Adi’s confrontations with perpetrators that follow this scene make clear the distinction between responsivity, which acknowledges a claim and potentially opens a fraught discursive field, and recognition and responsibility, which acknowledge an identity. As also occurs in The Act of Killing, the process of revisiting the past makes clear that although the events of 1965–66 have been fictionalized in the propaganda to legitimate the very real violence that took place, it is also through a determined effort of willful ignorance or that “failure of imagination” Oppenheimer describes that these fictions and their effects are maintained. In The Look of Silence, when Adi confronts his uncle who guarded Ramli in jail before he was murdered, or the family of a perpetrator who denies knowledge of their father and husband’s crimes, Oppenheimer provides the necessary context for viewers to understand that these denials of recognition and responsibility are clearly false. Thus, Adi’s work is disturbing not because he presents those he meets with a revelation—I am Ramli’s brother—but because he renders the continued denials impossible.
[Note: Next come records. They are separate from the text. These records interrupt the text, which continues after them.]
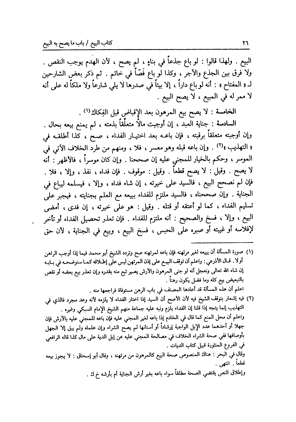 الخامسة: لا يصح بيع المرهون بعد الاقباض قبل الفكاك. السادسة: جناية، إن أوجبت مالا متعلقا بذمته، لم يمنع بيعه بحال. وإن أوجبته متعلقا برقبته، فإن باعه بعد اختيار الفداء، صح، كذا أطلقه في التهذيب. وإن باعه قبله وهو معسر، فلا، ومنهم من طرد الخلاف الآتي في الموسر، وحكم بالخيار للمجني عليه إن صححنا. وإن كان موسرا، فالاظهر: أنه لا يصح. وقيل: لا يصح قطعا. وقيل: موقوف. فإن فداه، نفذ، وإلا، فلا. فإن لم نصحح البيع، فالسيد على خيرته، إن شاء فداه، وإلا، فيسلمه ليباع في الجناية. وإن صححناه، فالسيد ملتزم للفداء ببيعه مع العلم بجنايته، فيجبر على تسليم الفداء، كما لو أعتقه أو قتله. وقيل: هو على خيرته، إن فدى، أمضى البيع، وإلا، فسخ والصحيح: أنه ملتزللفداء. فإن تعذر تحصيل الفداء أو تأخر لافلاسه أو غيبته أو صبره على الحبس، فسخ البيع، وبيع في الجناية، لان حق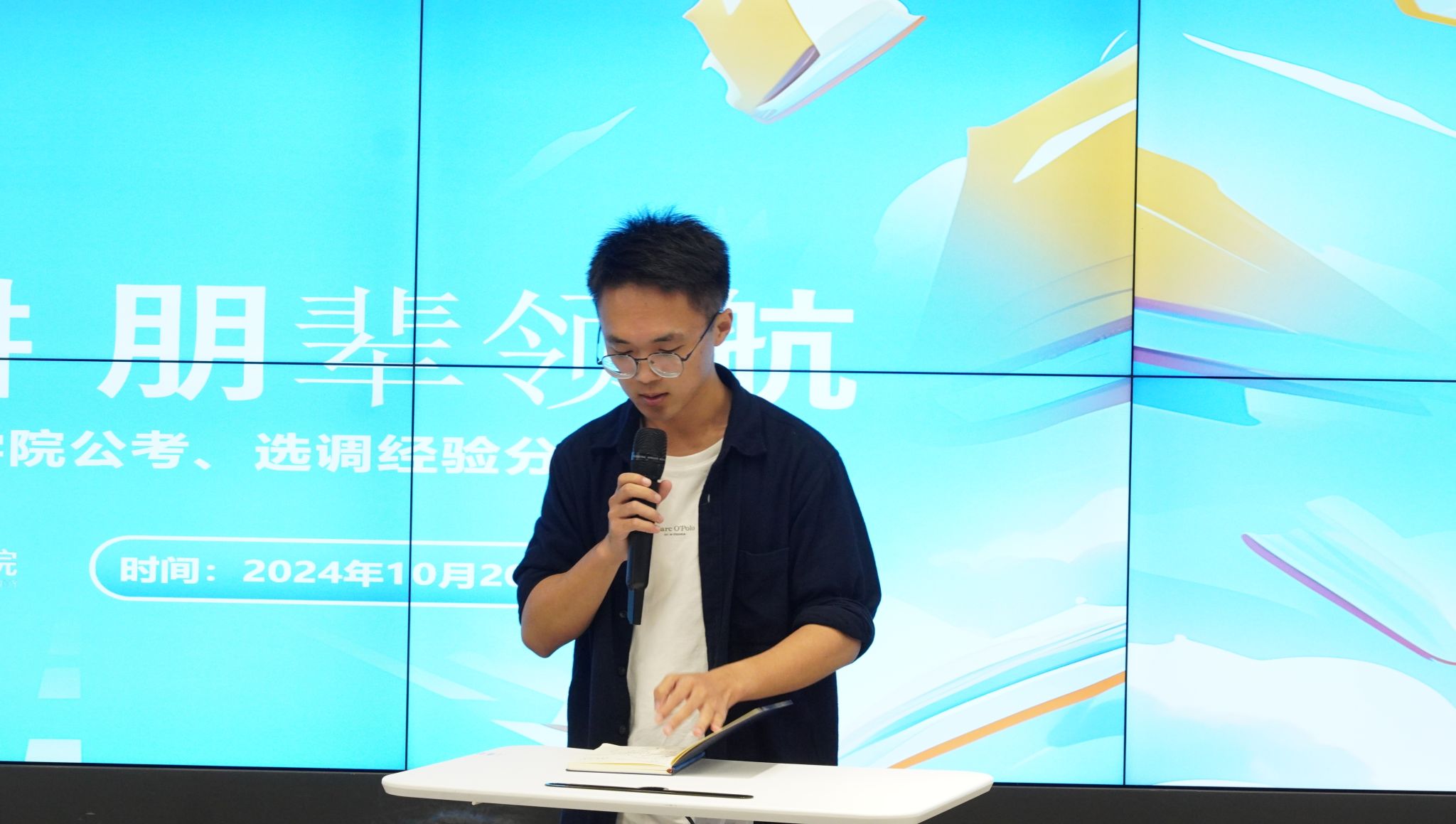 李立阳学长结合近年来个人工作经历,分享了自己的工作心得。他建议同学们以批判性视角学习培训机构提供的课程,面对社会实情实境,应该要有个人独到见解,展现自身思维的深度与独特性;第二,备考、应试中要坚定信心,保持好心态,保持回答的条理清晰与表述完整;此外,他也建议同学们应全面而深入地做足知识储备,练好平时功夫。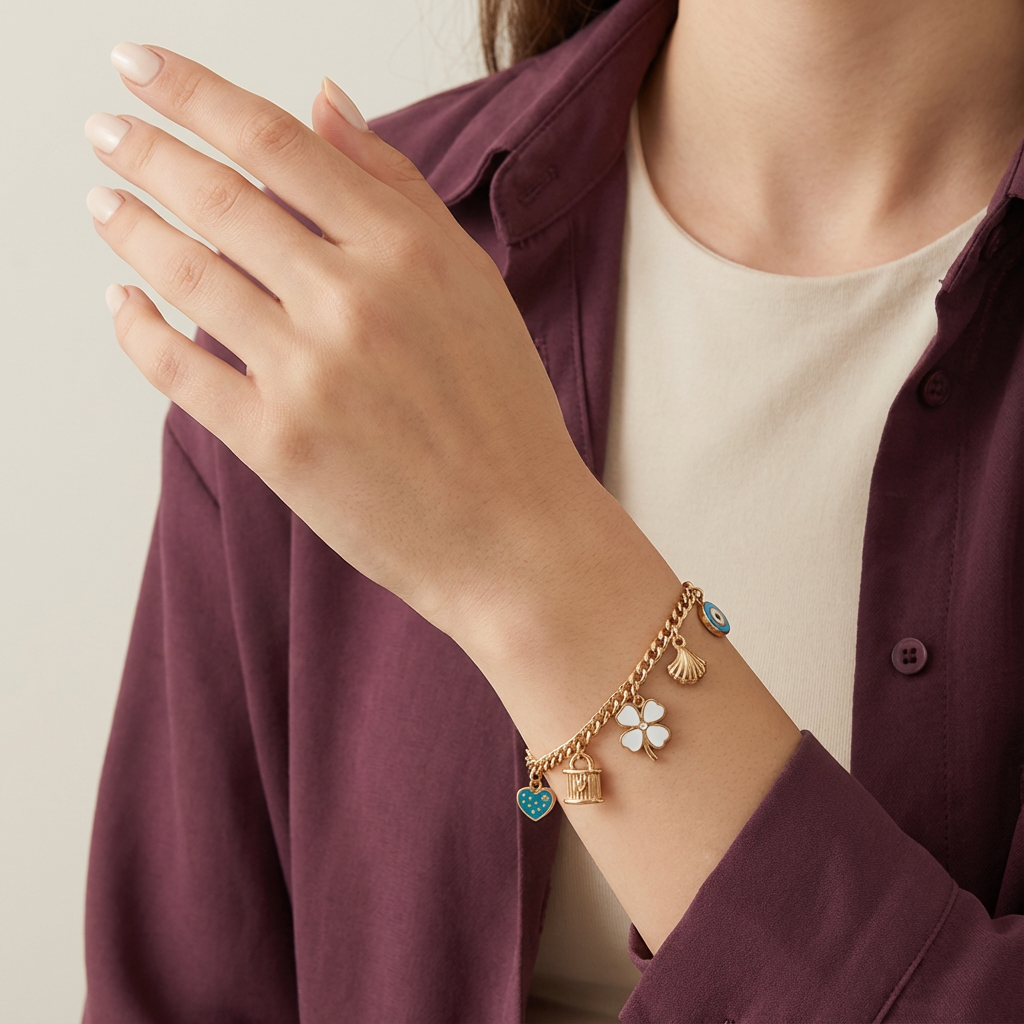 سعر الوحدة لكلأسورة مصنوعة من الذهب عيار 18 بتصميم جنزير أنيق، تتدلى منها تعليقات واضحة بأشكال مختلفة موزعة بتوازن على طول السلسلة. الحركة الخفيفة للتعليقات والتفاصيل البسيطة تمنح المعصم حضوراً رقيقاً ومميزاً، ما يجعلها مناسبة للارتداء اليومي أو لتنسيق إطلالة ناعمة دون مبالغة.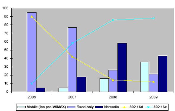 Podle zprávy společnosti ABI Research ("WiMAX Semiconductors: Fixed and Mobile WiMAX: RF and Baseband Chips for Network Infrastructure and CPE") dosáhne v příštím roce svého maxima trh s pevným WiMAX a v roce následujícím se mu již vyrovná trh s mobilním WiMAX (jak napovídá výše uvedený obrázek, analytici se poněkud liší v tom, kdy mobilní WiMAX 802.16e překoná svého pevného předchůdce 802.16d: podle Transmedia již v polovině příštího roku).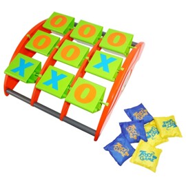Relaxdays 10022795 kastspel 2-i-1, cornhole & Tic Tac Toe, 10 bönväskor, skicklighetsspel, inkl. 1 spelbräda, inomhus och utomhus, flerfärgad, 4 x 29,5 x 51 cm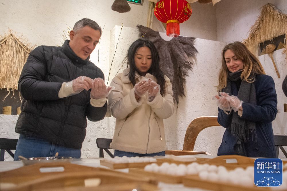 ↑2月24日,外国友人在重庆市荣昌区夏布小镇“千年荣昌 喜乐元宵”2024年系列元宵节民俗文化活动上包汤圆。新华社记者 唐奕 摄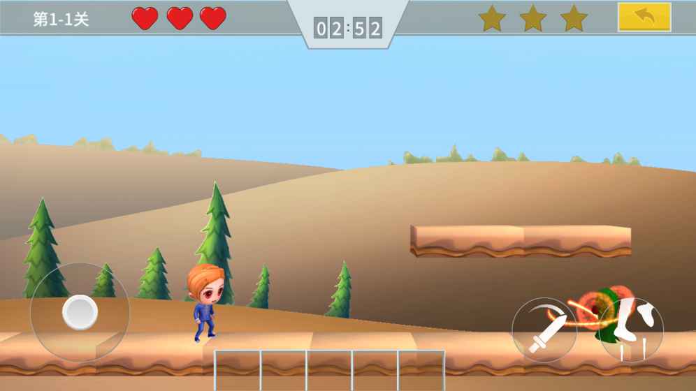 一款以简洁卡通风格打造的横版冒险动作游戏,在游戏中玩家将控制小小的冒险家去冒险,踏过冰原雪山、荒漠草原,游戏还融入了解谜的元素,横版的动作冒险风格会让你唤醒一些回忆,虚拟摇杆按键一幕了然,游戏玩起来十分轻松,快开启你的全新冒险吧。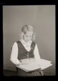 1714 En sjuksköterskas arbetsdag på södersjukhuset. Porträtt av en sköterska som sitter och läser i en bok.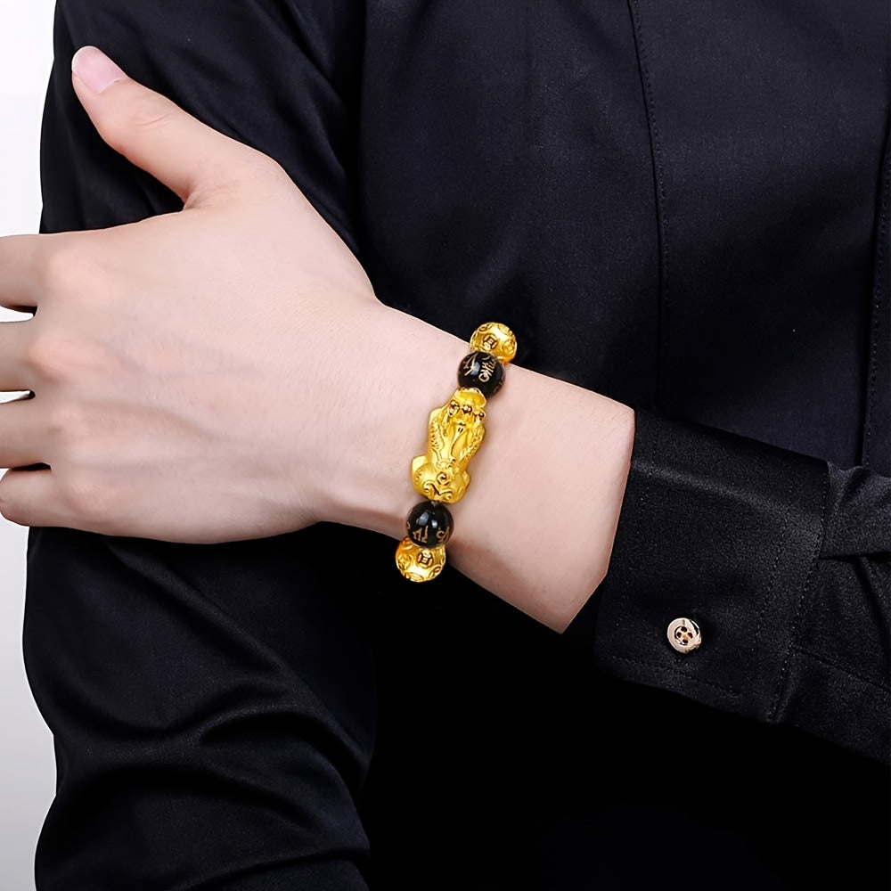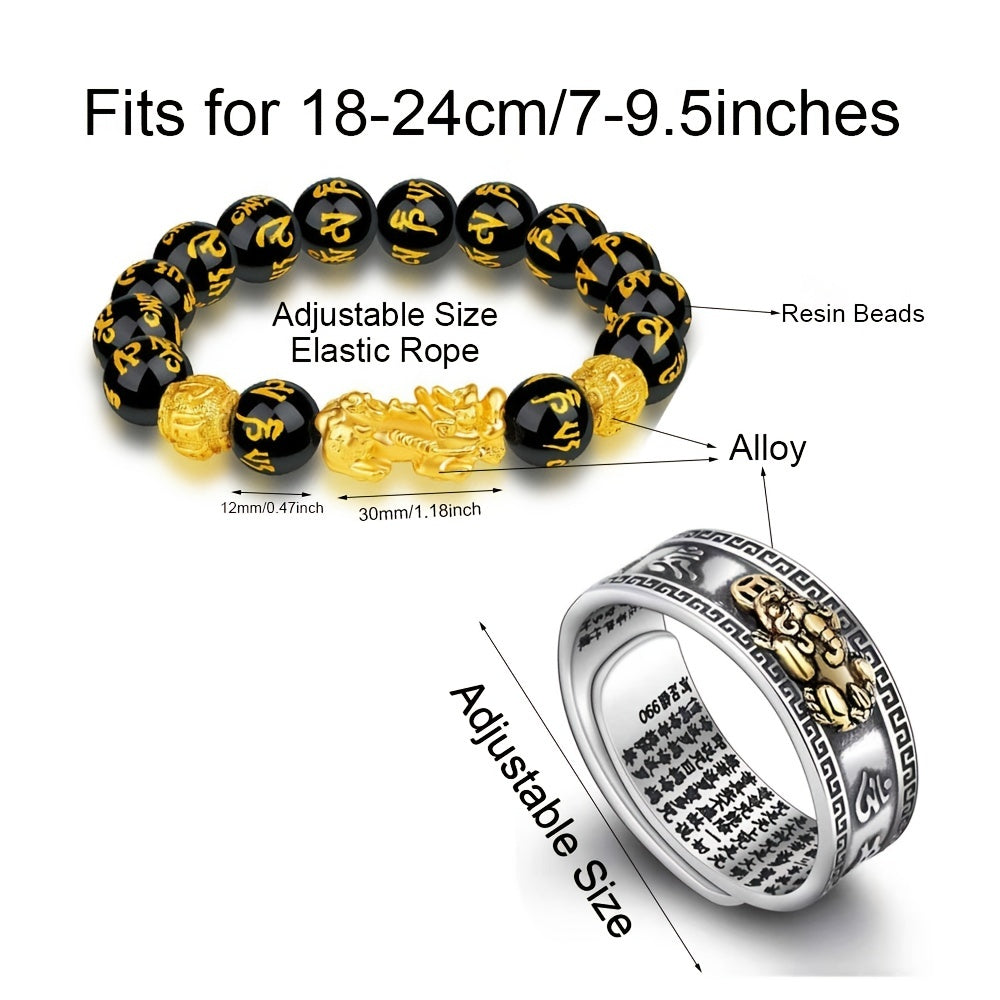 This set includes a Golden Pixiu bracelet and an adjustable open ring for luck and wealth. The Pixiu symbolizes good fortune and protection in Buddhist beliefs.

Whereas most of Adi’s meetings end unsuccessfully in threats, denial, and anger, in a late scene he meets with an elderly perpetrator and his caretaker daughter (Fig. 5.5). During that meeting, she learns about some of her father’s atrocities for the first time and asks Adi to forgive her father and to think of them as family. Although there are other moments in the film when Adi’s and Oppenheimer’s projects diverge, here they coalesce: Adi receives not just an acknowledgment but also acceptance of his “disruptive rhetorical work,” and Adi and the daughter’s ability to found civil discourse on responsivity—a situation that the film has made possible—also models for viewers one kind of ethically-motivated negotiation that might allow co-flourishing to take root. In this sense, the daughter’s responsivity anticipates the need for a larger truth and reconciliation process in Indonesia and it does so in the language of co-flourishing and affective, communal bonds, as opposed to humanitarian care.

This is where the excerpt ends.